Euser S M, Hofman A, Westendorp R G J, Breteler Monique M B
Department of Epidemiology, Erasmus University Medical Center, 3000 CA Rotterdam, The Netherlands.
Brain. 2009 Feb;132(Pt 2):377-82. doi: 10.1093/brain/awn316. Epub 2008 Nov 26.
Uric acid is a risk factor of cardiovascular disease, as well as a major natural antioxidant, prohibiting the occurrence of cellular damage. The relation between uric acid and cognitive decline, in which both vascular mechanisms and oxidative stress are thought to play a role, is unknown. Therefore we assessed the relation between serum uric acid levels and the risk of subsequent dementia in a prospective population-based cohort study among 4618 participants aged 55 years and over.

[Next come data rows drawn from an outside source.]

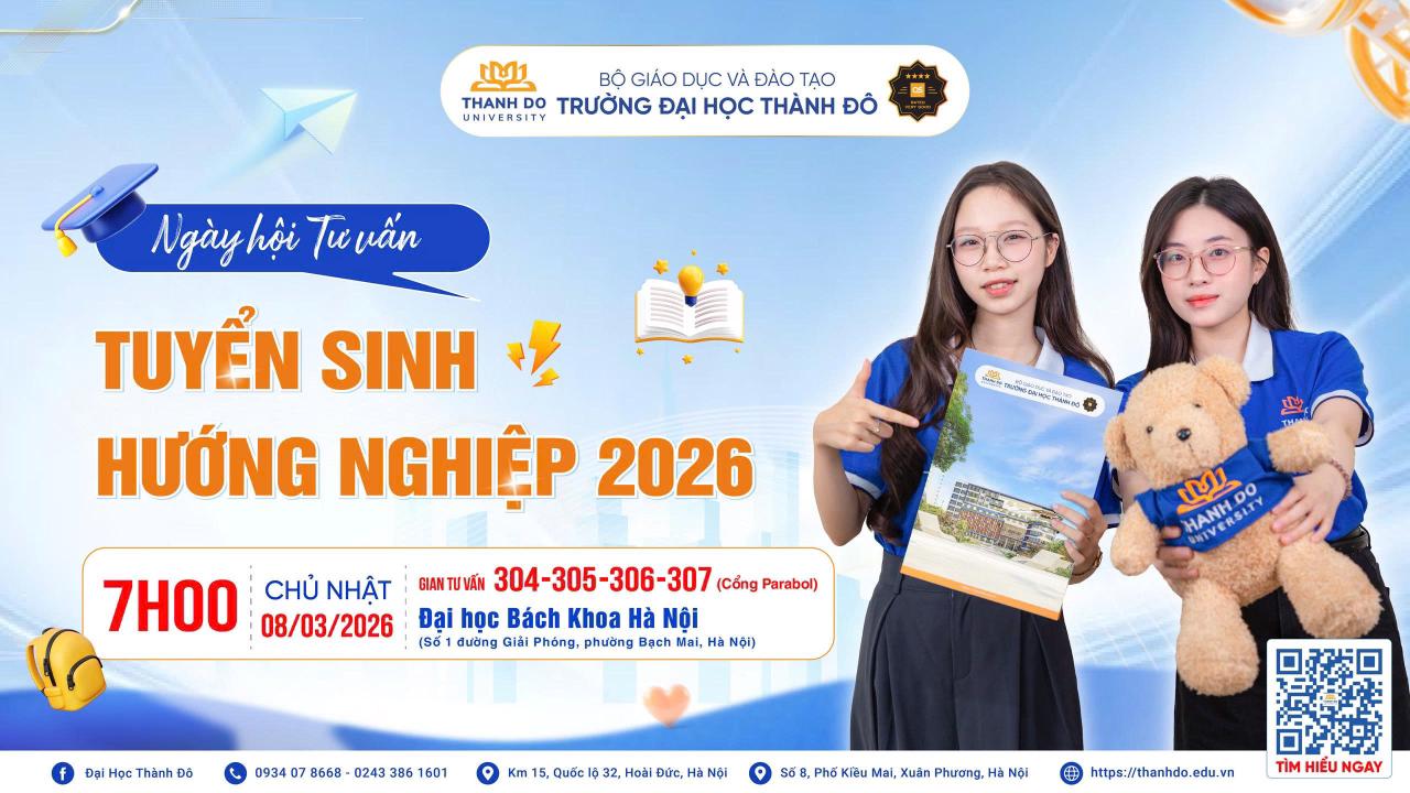 Năm 2026, Trường Đại học Thành Đô tuyển sinh đại học chính quy với 14 ngành đào tạo và 04 phương thức xét tuyểnlinh hoạt, tạo điều kiện để thí sinh chủ động lựa chọn phù hợp năng lực. Đặc biệt, triển khai chương trình đào tạo theo địa chỉ ngành Điều dưỡng, người học “nhúng” mình vào doanh nghiệp, học và làm từ thực tiễn nghề nghiệp. Đồng thời, 630 suất học bổng giá trị dành cho Tân sinh viên, mở cánh cửa đại học cho 2K8 tự tin chinh phục tương lai, sẵn sàng bước vào môi trường học tập thực tiễn, phát triển vững vàng năng lực, kỹ năng nghề nghiệp và tư duy ứng dụng. |
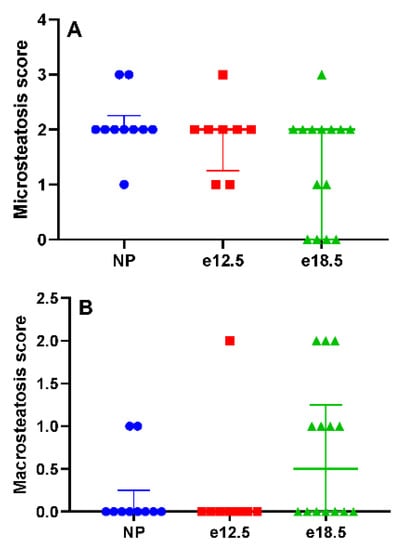 Histologically, there was no evidence of significant necroinflammatory liver disease at any time point before or during pregnancy. Inflammation was scored on a scale from 0 (no inflammatory infiltrate) to 3 (severe inflammation). NP BPH/5 had a mean score of 0, e12.5 mice had a mean score of 0.125, and e18.5 mice had a mean score of 0. The mean hepatic microsteatosis score was elevated at all time points (Figure 3A), and no significant difference was detected (p < 0.05). NP BPH/5 had a median score of 2 (IQR: 2–2.25), e12.5 mice had a median score of 2 (IQR: 1.25–2), and e18.5 mice had a median score of 2 (IQR: 0–2). The mean hepatic macrosteatosis score was elevated in late gestation (Figure 3B), and no significant difference was detected (p < 0.05). NP BPH/5 had a median score of 0 (IQR: 0–0.25), e12.5 mice had a median score of 0, and e18.5 mice had a median score of 0.5 (IQR: 0–1.25).
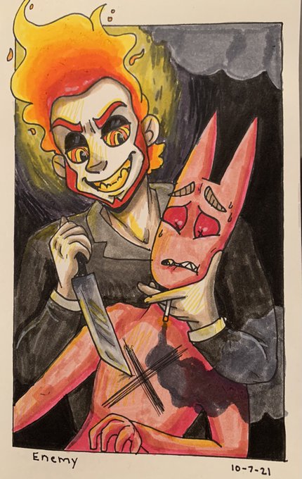 Inktober day 7: Enemy (My ocs Harley and Ash are mortal enemies) #Inktober #inktober2021 #inktober2021day7 #art #artwork #myart #myocs #originalcharacter #ArtistOnTwitter
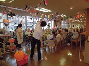 会場の飾りつけはハロウィーンにちなんでコウモリやカボチャを窓に貼ったり、天井から吊るしたりしました。すべての利用者さまに参加確認をして、8割の方にご参加いただきました。開始時の選手宣誓は利用者さまにお任せしました。
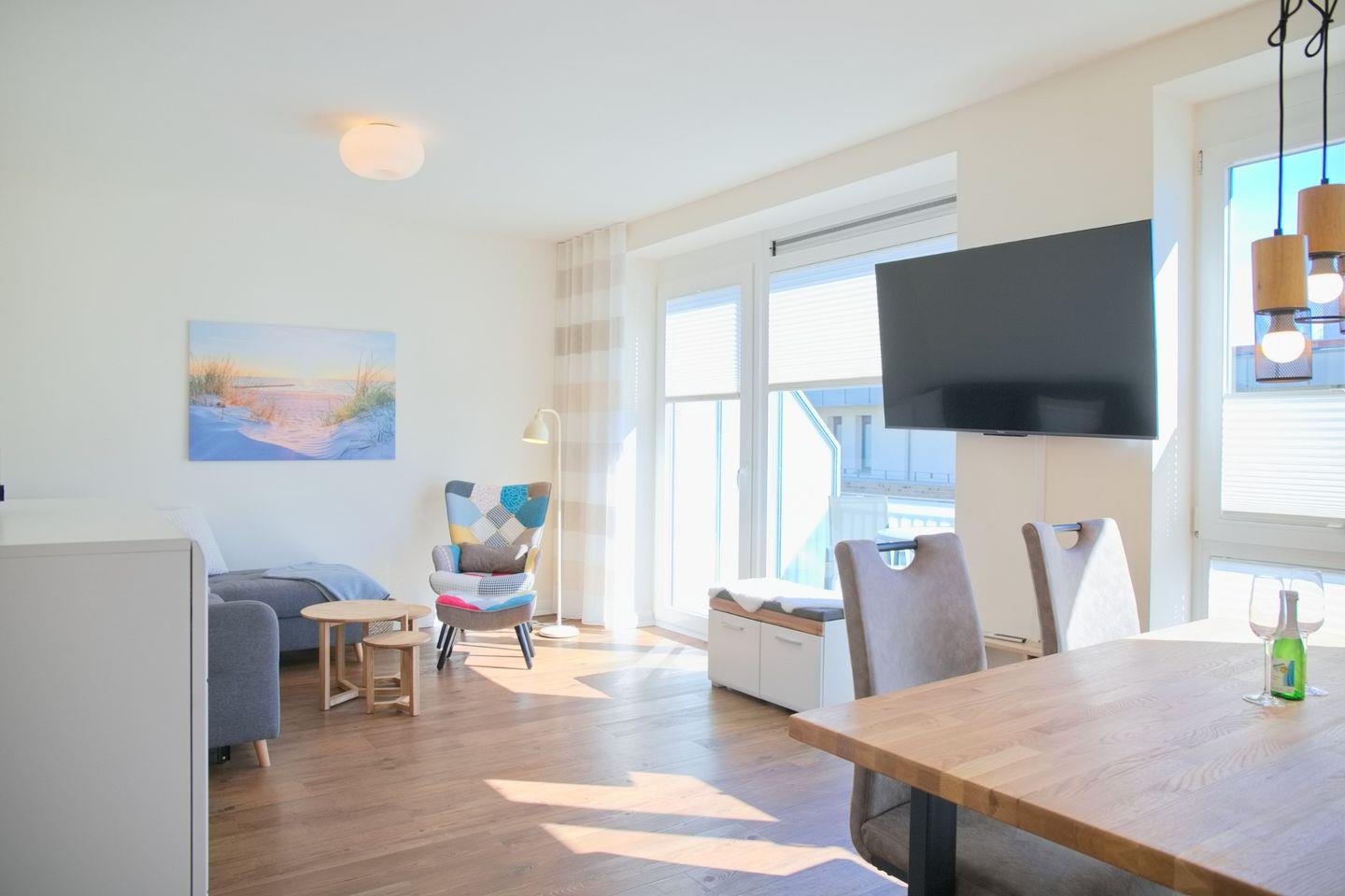 Die Wohnung besticht durch ein gemütliches Wohnzimmer, das mit einer bequemen Couchgarnitur und einem Flachbild-TV ausgestattet ist, und lädt zu entspannten Abenden ein. Der angrenzende Essbereich bietet Platz für vier Personen und eignet sich perfekt für gemeinsame Mahlzeiten.
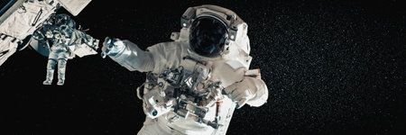 Astronaut spaceman working for space station in outer space
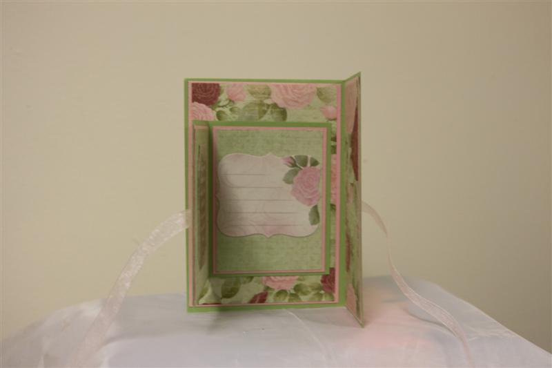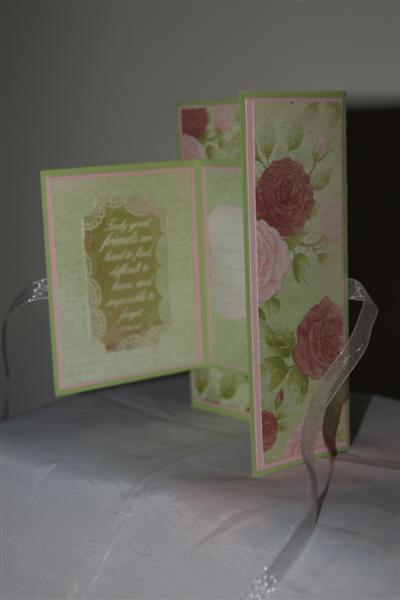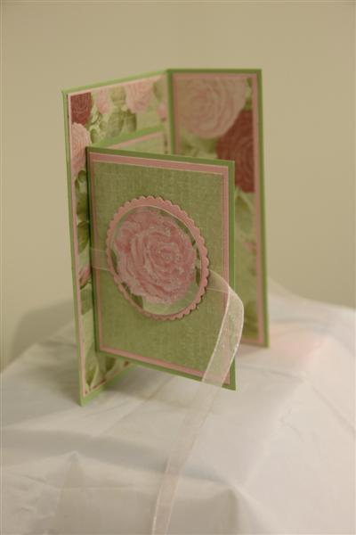 Three views of the same card today, because I wanted you to see how this one was constructed. Its quite easy, just a fair bit of layering. I used Bazil cardstock for the pink, and Stampin Up cardstock for the green, and the paper is Kaisercraft English Rose.The only other thing needed was a length of ribbon to tie it all together.I quite like this style, and I  have done a few with different papers now. Market day today, a lot of stalls, quite a few people, and the time flew, but tired now, so I’ll cook tea and very early bed tonight! Til tomorrow….
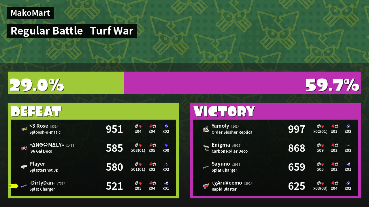 | Medals | #1 Overall Splatter #1 Enemy Splatter #1 Base Defender | ||
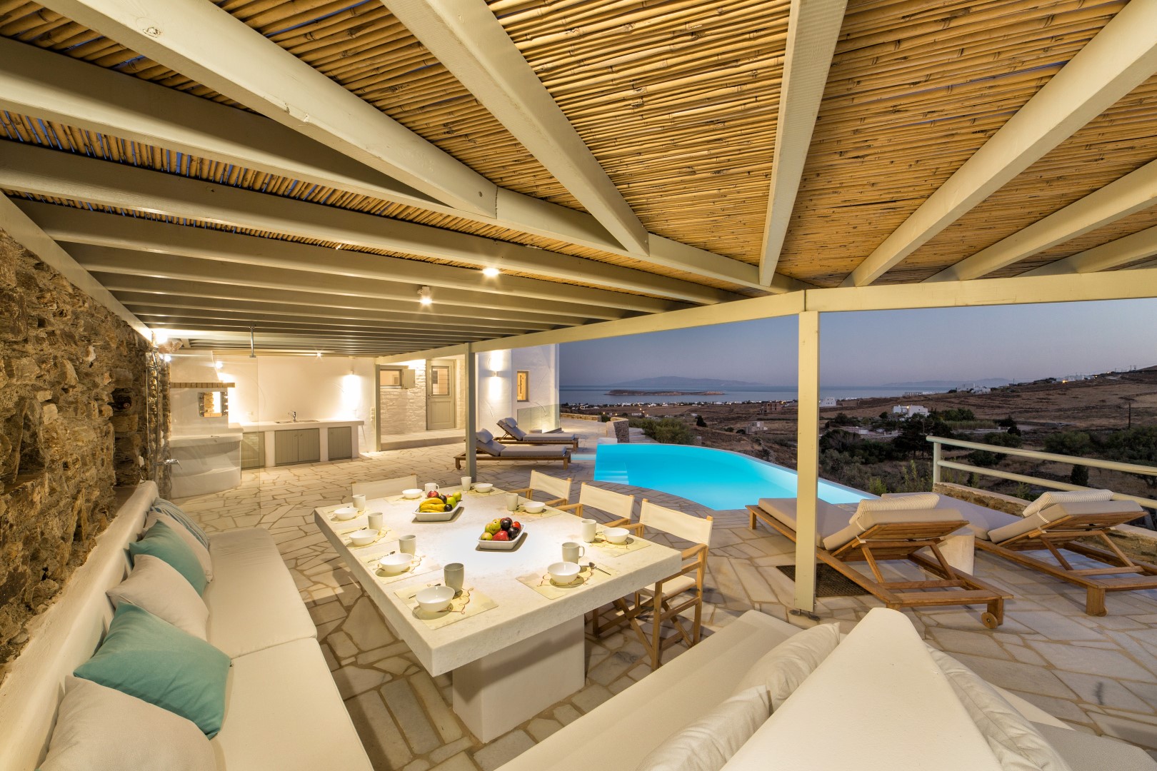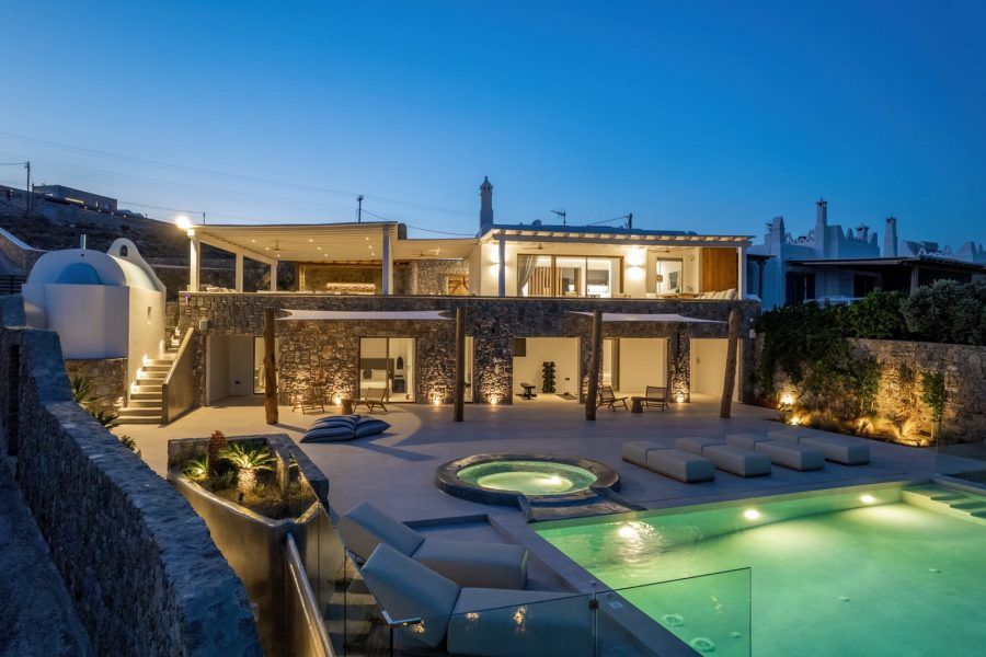 Set harmoniously into its elevated position, Villa Tzane offers discerning guests the perfect balance of privacy and accessibility, being just a seven-minute drive from the legendary Golden Beach. The villa’s showstopping infinity pool appears to merge with the sea beyond, creating a mesmerizing setting for both refreshing daytime swims and sunset contemplation.
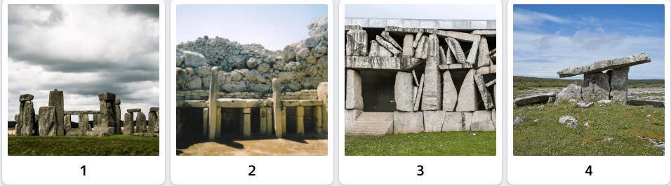 На этих картинках вы видите три мегалита и одну постройку — их современную версию. Найдите ее.
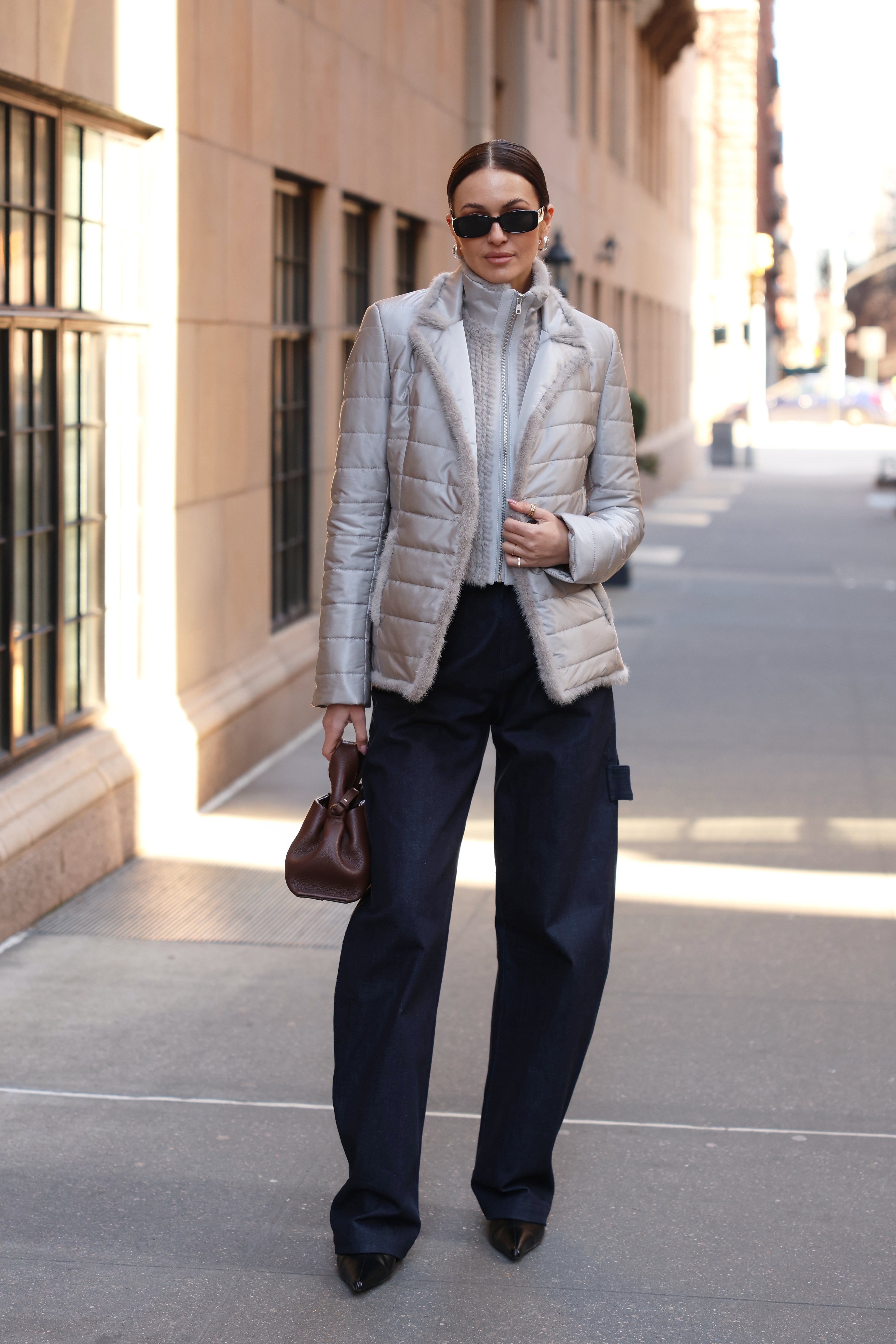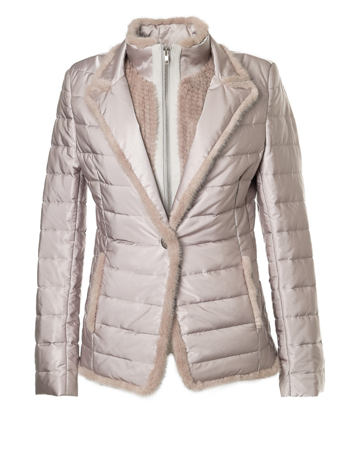 This classic mid-length jacket is made from waterproof nylon and features light padding in a slim-fit design. It has a lapel collar adorned with fur trimming and combines sleek lines with high performance. The jacket also includes a removable inner bodice that boasts luxurious, sustainable mink fur trim, which can be detached on warmer days.
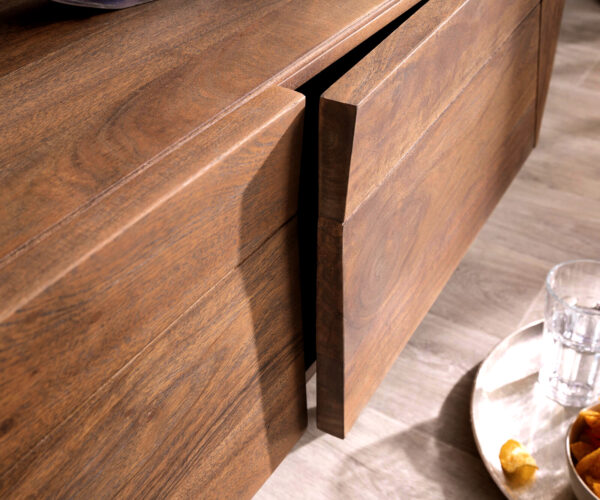 Design TV szekrény Wyatt 175 cm akác barna 2 ajtós 1 billenő ajtós
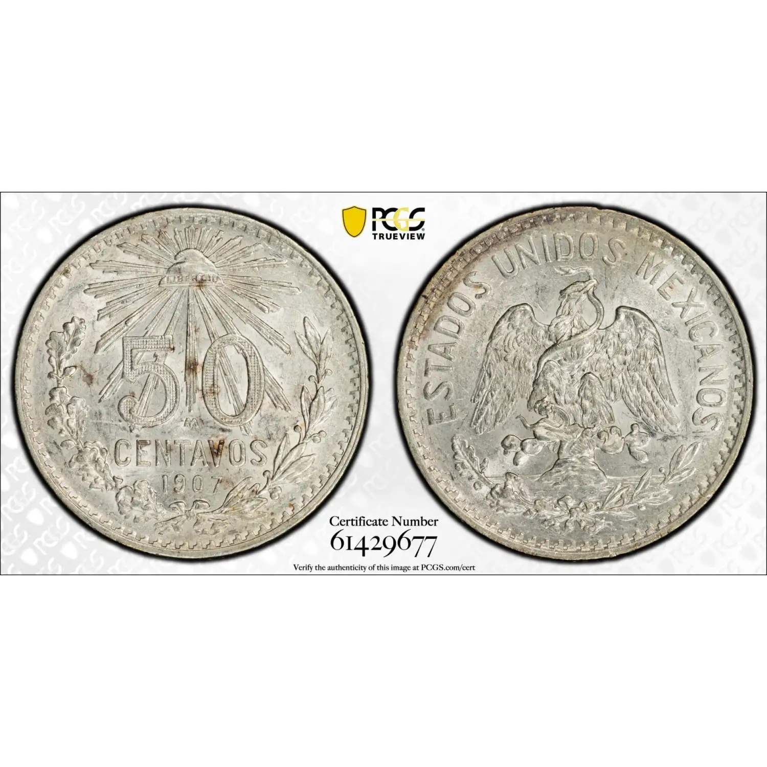 1907-M MEXICO Silver 50 CENTAVOS PCGS MS-61 Straight 7

Additionally, we investigated the relation between serum uric acid and cognitive function later in life (on average 11.1 years later) in a subsample of 1724 participants who remained free of dementia during follow-up. All analyses were adjusted for age, sex and cardiovascular risk factors. Our data showed that only after correcting for several cardiovascular risk factors, higher serum uric acid levels were associated with a decreased risk of dementia (HR, adjusted for age, sex and cardiovascular risk factors, 0.89 [95% confidence interval (CI) 0.80-0.99] per standard deviation (SD) increase in uric acid). In participants who remained free of dementia, higher serum uric acid levels at baseline were associated with better cognitive function later in life, for all cognitive domains that were assessed [adjusted difference in Z-score (95% CI) per SD increase in uric acid 0.04 (0.00-0.07) for global cognitive function; 0.02 (-0.02 to 0.06) for executive function; and 0.06 (0.02-0.11) for memory function], but again only after correcting for cardiovascular risk factors. We conclude that notwithstanding the associated increased risk of cardiovascular disease, higher levels of uric acid are associated with a decreased risk of dementia and better cognitive function later in life.
尿酸是心血管疾病的一个风险因素,同时也是一种主要的天然抗氧化剂,可防止细胞损伤的发生。尿酸与认知功能衰退之间的关系尚不清楚,一般认为血管机制和氧化应激在其中都发挥了作用。因此,我们在一项基于人群的前瞻性队列研究中,对4618名年龄在55岁及以上的参与者进行了评估,以探讨血清尿酸水平与随后发生痴呆症风险之间的关系。此外,我们还在1724名随访期间未患痴呆症的参与者子样本中,研究了血清尿酸与晚年认知功能(平均11.1年后)之间的关系。所有分析均对年龄、性别和心血管风险因素进行了校正。我们的数据表明,只有在校正了多个心血管风险因素之后,较高的血清尿酸水平才与较低的痴呆症风险相关(校正年龄、性别和心血管风险因素后的风险比,尿酸每增加一个标准差(SD)为0.89 [95%置信区间(CI)0.80 - 0.99])。在未患痴呆症的参与者中,基线时较高的血清尿酸水平与晚年更好的认知功能相关,在所评估的所有认知领域中都是如此[尿酸每增加一个SD,全球认知功能的Z评分校正差异(95% CI)为0.04(0.00 - 0.07);执行功能为0.02(-0.02至0.06);记忆功能为0.06(0.02 - 0.11)],但同样也是在校正了心血管风险因素之后。我们得出结论,尽管尿酸水平升高与心血管疾病风险增加相关,但较高水平的尿酸与较低的痴呆症风险以及晚年更好的认知功能相关。